*** Opening Input data ***
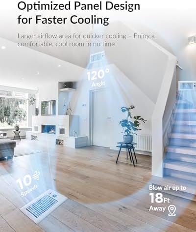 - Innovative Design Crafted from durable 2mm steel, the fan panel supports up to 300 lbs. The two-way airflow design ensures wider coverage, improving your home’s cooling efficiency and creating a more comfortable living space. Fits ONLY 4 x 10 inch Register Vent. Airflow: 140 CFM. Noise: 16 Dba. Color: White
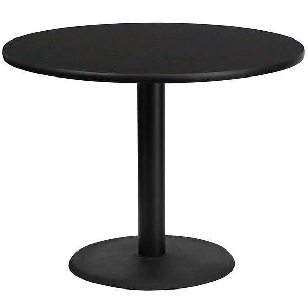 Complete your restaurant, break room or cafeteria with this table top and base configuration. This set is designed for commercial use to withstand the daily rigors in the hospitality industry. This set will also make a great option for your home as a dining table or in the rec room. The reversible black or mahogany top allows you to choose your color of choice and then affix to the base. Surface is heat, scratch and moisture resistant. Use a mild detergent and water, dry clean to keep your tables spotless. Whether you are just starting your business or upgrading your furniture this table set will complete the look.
*** Closing Input data ***
*** Opening Input data ***
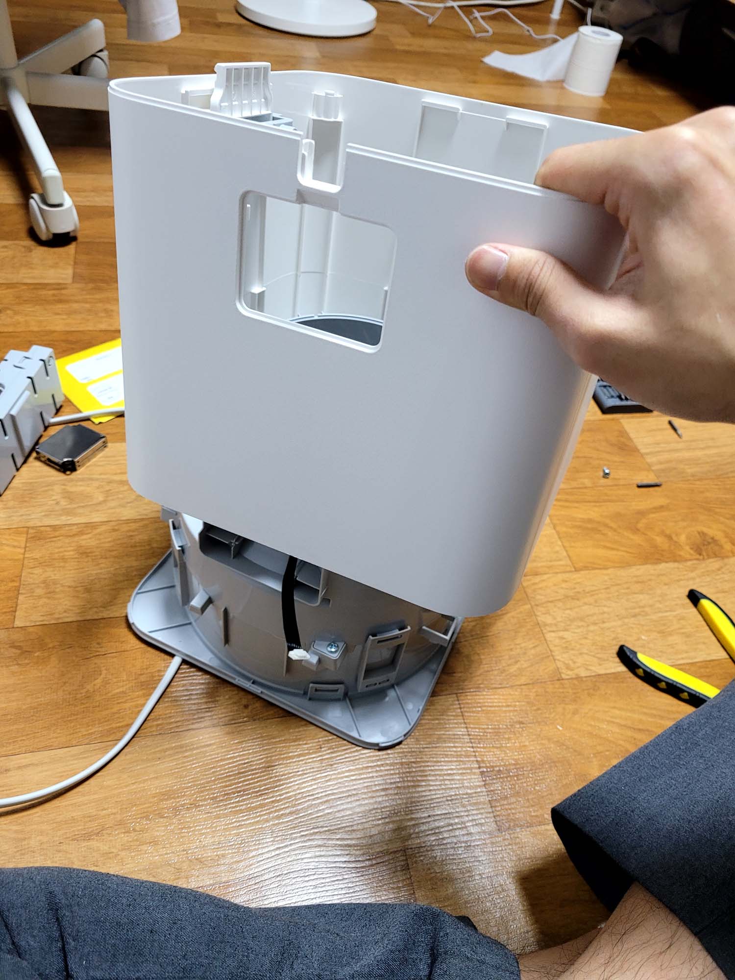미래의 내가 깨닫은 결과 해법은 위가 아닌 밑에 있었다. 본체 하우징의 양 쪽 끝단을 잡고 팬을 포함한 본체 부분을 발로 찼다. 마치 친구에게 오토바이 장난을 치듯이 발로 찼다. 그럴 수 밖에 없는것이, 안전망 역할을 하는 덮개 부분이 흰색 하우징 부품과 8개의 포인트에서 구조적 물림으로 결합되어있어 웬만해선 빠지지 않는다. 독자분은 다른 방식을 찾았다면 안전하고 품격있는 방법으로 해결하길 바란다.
*** Closing Input data ***
[The problem]
Your answer should be the exact lines above from the one containing "- Innovative Design" through the one containing "Complete your restaurant, break", with both end lines kept and the pictures removed, please.

[Response]
 - Innovative Design Crafted from durable 2mm steel, the fan panel supports up to 300 lbs. The two-way airflow design ensures wider coverage, improving your home’s cooling efficiency and creating a more comfortable living space. Fits ONLY 4 x 10 inch Register Vent. Airflow: 140 CFM. Noise: 16 Dba. Color: White
 Complete your restaurant, break room or cafeteria with this table top and base configuration. This set is designed for commercial use to withstand the daily rigors in the hospitality industry. This set will also make a great option for your home as a dining table or in the rec room. The reversible black or mahogany top allows you to choose your color of choice and then affix to the base. Surface is heat, scratch and moisture resistant. Use a mild detergent and water, dry clean to keep your tables spotless. Whether you are just starting your business or upgrading your furniture this table set will complete the look.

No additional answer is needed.